Chapter 8. Signal Processing

The speech tools signal processing library provides a set of standard signal processing tools designed specifically for speech analysis. The library includes:

  • Windowing (creating frames from a continuous waveform)

  • Linear prediction and associated operations

  • Cepstral analysis, both via lpc and DFT.

  • Filterbank analysis

  • Frequency warping including mel-scaling

  • Pitch tracking

  • Energy and Power analysis

  • Spectrogram Generation

  • Fourier Transforms

  • Pitchmarking (of laryngograph signals)


Design Issues

The signal processing library is designed specifically for speech applications and hence all functions are written with that end goal in mind. The design of the library has centered around building a set of commonly used easy to configure analysis routines.


We have tried to make the functions as fast as possible. Signal processing can often be time critical, and so it will always be the case that if the code for a particular signal processing algroithm is written in a single function loop it will run faster than by using libraries.

However, the signal processing routines in the EST library are in general very fast, and the fact that they use classes such as EST_Track and EST_FVector does not make them slower than they would be if float * etc was used.


The library makes heavy use of a small number of classes, specifically EST_Wave EST_Track and EST_FVector. These classes are basically arrays and matrices, but take care of issues such as memory managment, error handling and file i/o. Using these classes in the library helps facilitate clean and simple algorithm writing and use. It is strongly recommended that you gain familiarity with these classes before using this part of the library.

At present, the issue of complex numbers in signal processing is somewhat fudged, in that a vector of complex numbers is represented by a vector of real parts and a vector of imaginary parts, rather than as a single vector of complex numbers.

Common Processing model

In speech, a large number of algorithms follow the same basic model, in which a waveform is analysed by an algorithm and a Track, containing a series of time aligned vectors is produced. Regardless of the type of signal processing, the basic model is as follows:

  1. Start with a waveform and a series of analysis positions, which can be a fixed distance apart of specified by some other means.

  2. For each analysis position, define a small portion of the waveform around that position, Multiply this by a windowing function to produce a vector of speech samples.

  3. Pass this to a frame based signal processing routine which in outputs values in another vector.

  4. Add this vector to a position in an EST_Track which correponds to the analysis time position.

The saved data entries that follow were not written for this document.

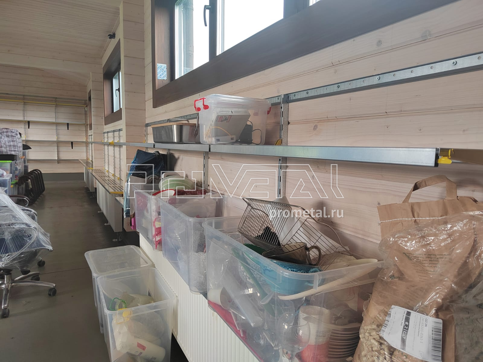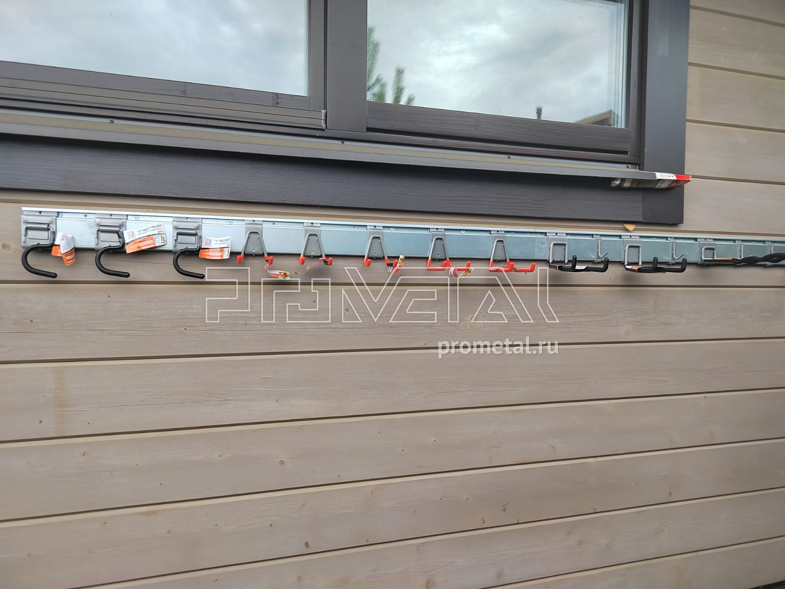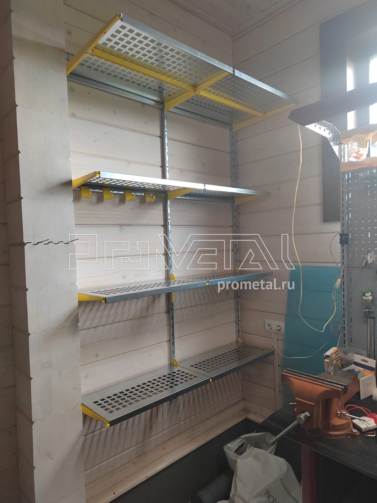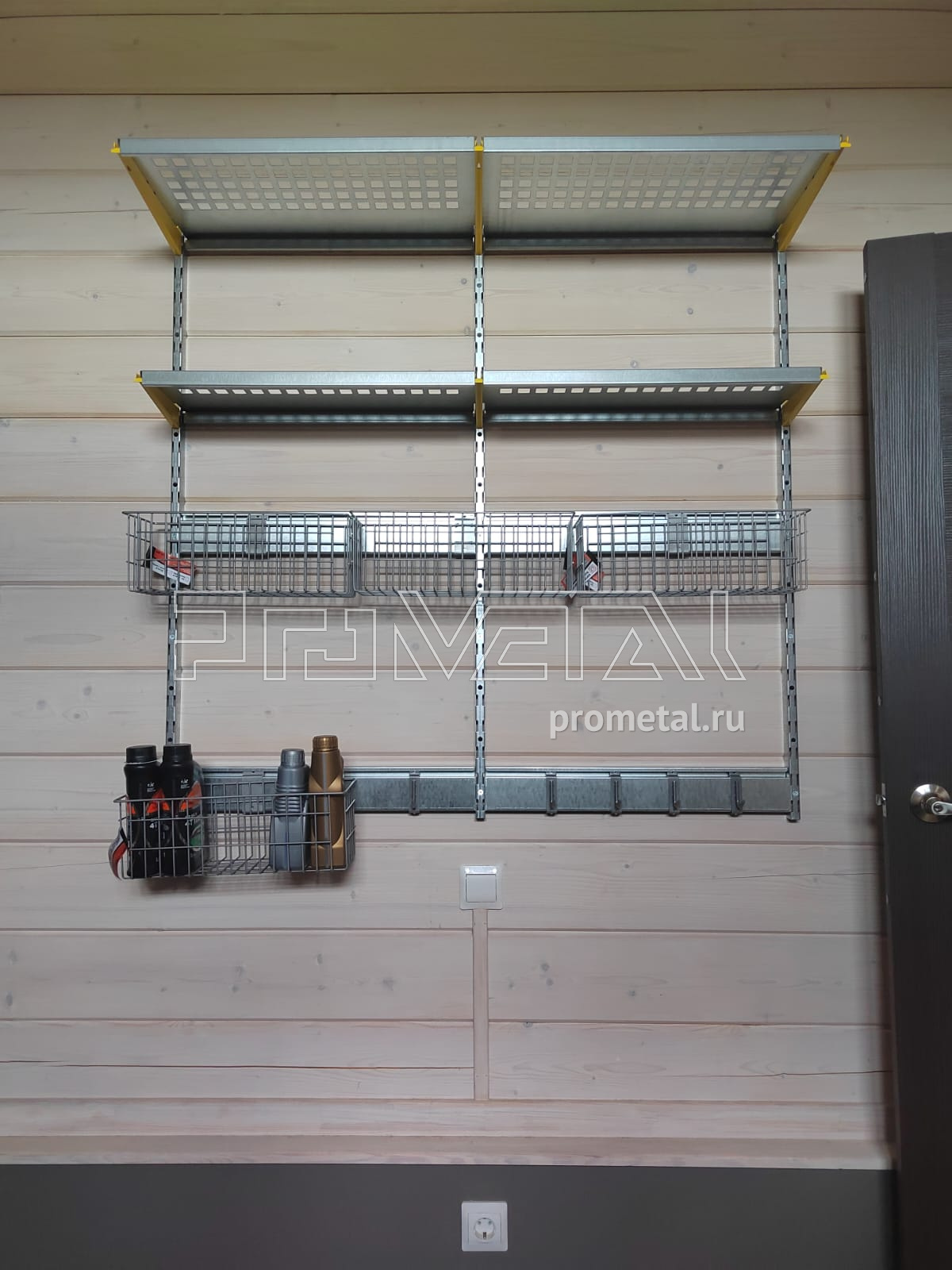 В проекте задействованы полки с перфорацией глубиной 315 и 520мм. Глубокие полки 520мм дополнительно усилены рёбрами жёсткости. Предусмотрена составная штанга для плечиков. Для хранения велосипедов использовали модули-кронштейны и крюки на полку для велосипеда. Под хранение хозяйственного и садового инвентаря, установили рейлинги с крюками Эссе и стальными корзинками. В проект добавлены крюки на полку.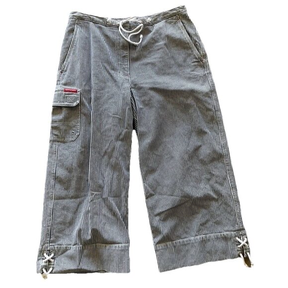 Vintage Ralph Lauren Jeans Co. Pants 12 Blue White Stripe Cropped Cargo Pockets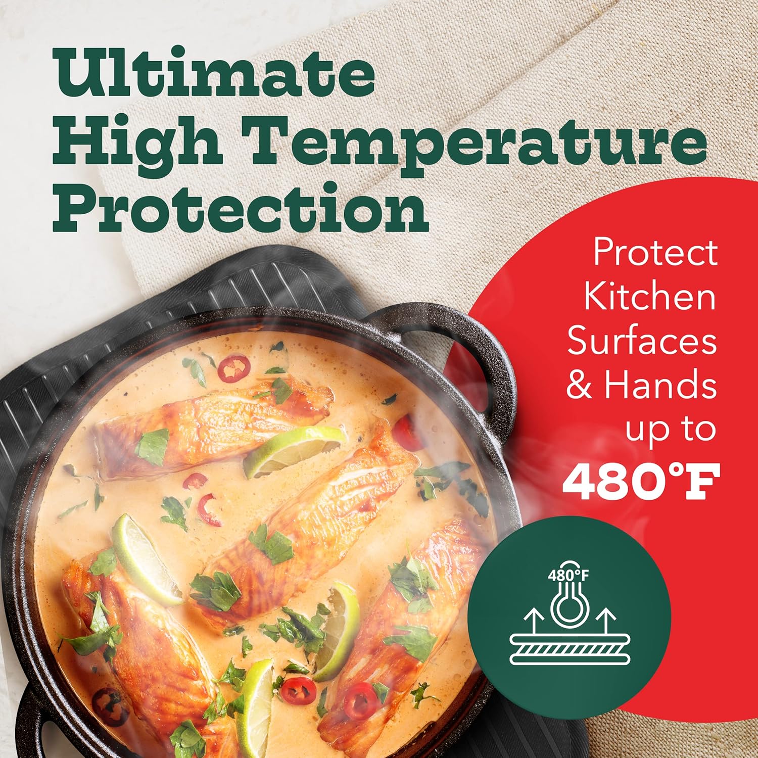 - Designed for easy handling of hot pans, baking sheets, and oven racks. For open flame or broiling, additional protective covering is recommended. These essential kitchen pot holders protect your hands from temperatures up to 480°F.
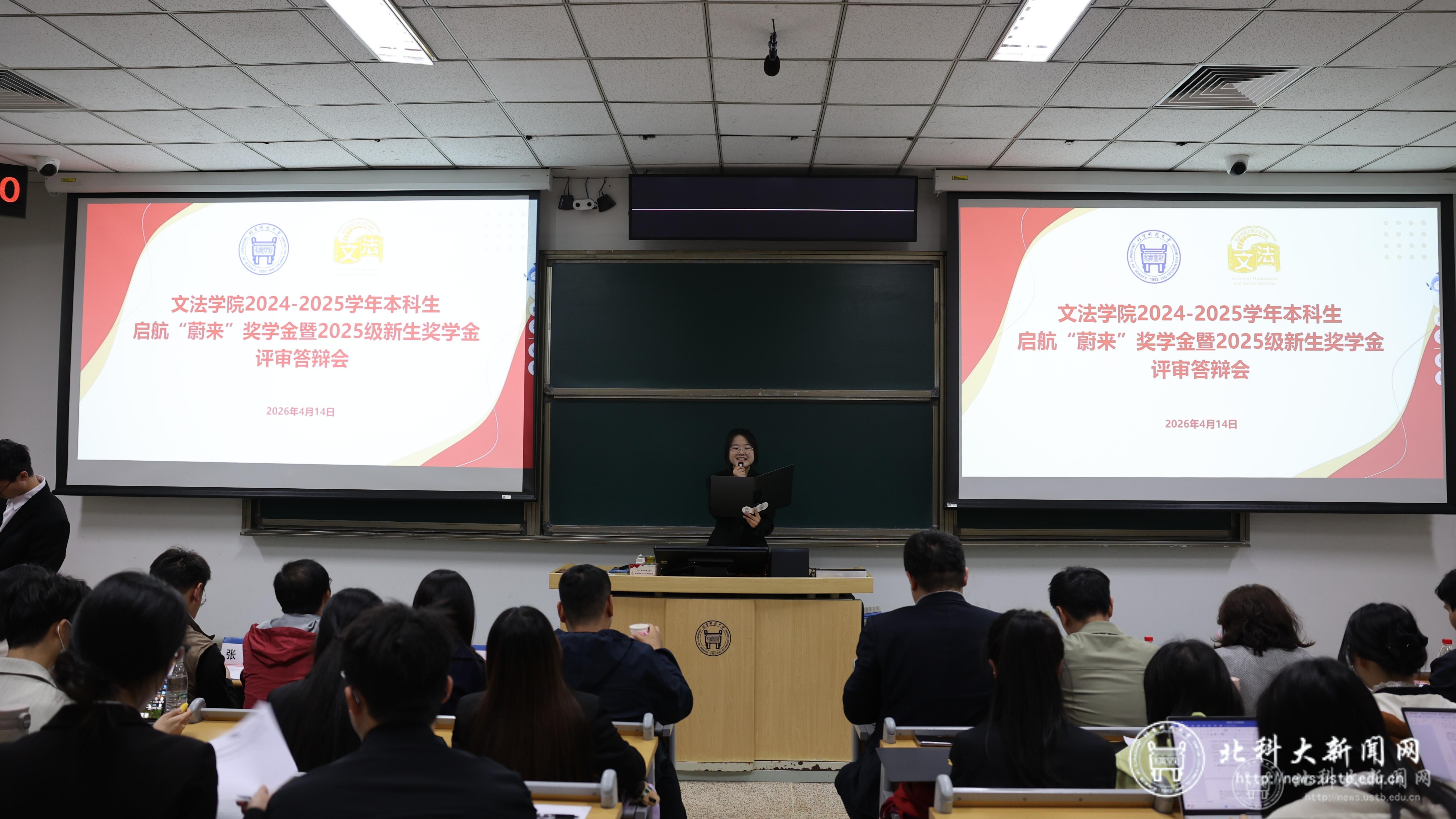 北科大新闻网4月17日电(通讯员 李奕明)4月14日,2024-2025学年启航“蔚来”奖学金暨2025级新生奖学金答辩会在逸夫楼教室举行。文法学院院长毛昊,学生工作部副部长高龑,校团委副书记于林民,文法学院党委副书记、副院长李娟,各系所专业教师代表及本科生辅导员出席本次活动。

Given this model, the signal processing library breaks down into a number of different types of function:
Utterance based functions

Functions which operate on an entire waveform or track. These break down into:

Analysis Functions

which take a waveform and produce a track

Synthesis Functions

which take a track and produce a waveform

Filter Functions

which take a waveform and produce a waveform

Conversion Functions

which take a track and produce a track

Frames based functions

Functions which operate on a single frame of speech or vector coefficients.

Windowing functions

which create a windowed frame of speech from a portion of a waveform.

Nearly all functions in the signal processing library belong to one of the above listed types. Quite often functions are presented on both the utterance and frame level. For example, there is a function called sig2lpc which takes a single frame of windowed speech and produces a set of linear prediction coefficients. There is also a function called sig2coef which performs linear prediction on a whole waveforn, returning the answer in a Track. sig2coef uses the common processing model, and calls sig2lpc as the algorithm in the loop.

Partly for historical reasons some functions, e.g. pda are only available in the utterance based form.

When writing signal processing code for this library, it is often the case that all that needs to be written is the frame based algorithm, as other algorithms can do the frame shifting and windowing operations.

Track Allocation, Frames, Channels and sub-tracks

The signal processing library makes extensive use of the advanced features of the track class, specifically the ability to access single frames and channels.

Given a standard multi-channel track, it is possible to make a FVector point to any single frame or channel - this is done by an internal pointer mechanism in EST_FVector. Furthermore, a track can be made to point to a selected number of channels or frames in a main track.

For example, imagine we have a function that calculates the covariance matrix for a multi-dimensional track of data. But the data we actually have contains energy, cepstra and delta cepstra. It is non-sensical to calculate convariance on all of this, we just want the cepstra. To do this we use the sub-track facility to set a temporary track to just the cepstral coefficients and pass this into the covariance function. The temporary track has smart pointers into the original track and hence no data is copied.

Without this facility, either you would have to do a copy (expensive) or else tell the covariance function which part of the track to use (hacky). Extensive documentation describing this process is found in the section called Frame based signal processing, the section called Access multiple frames or channels. in Chapter 5 and the section called Access single frames or single channels. in Chapter 5.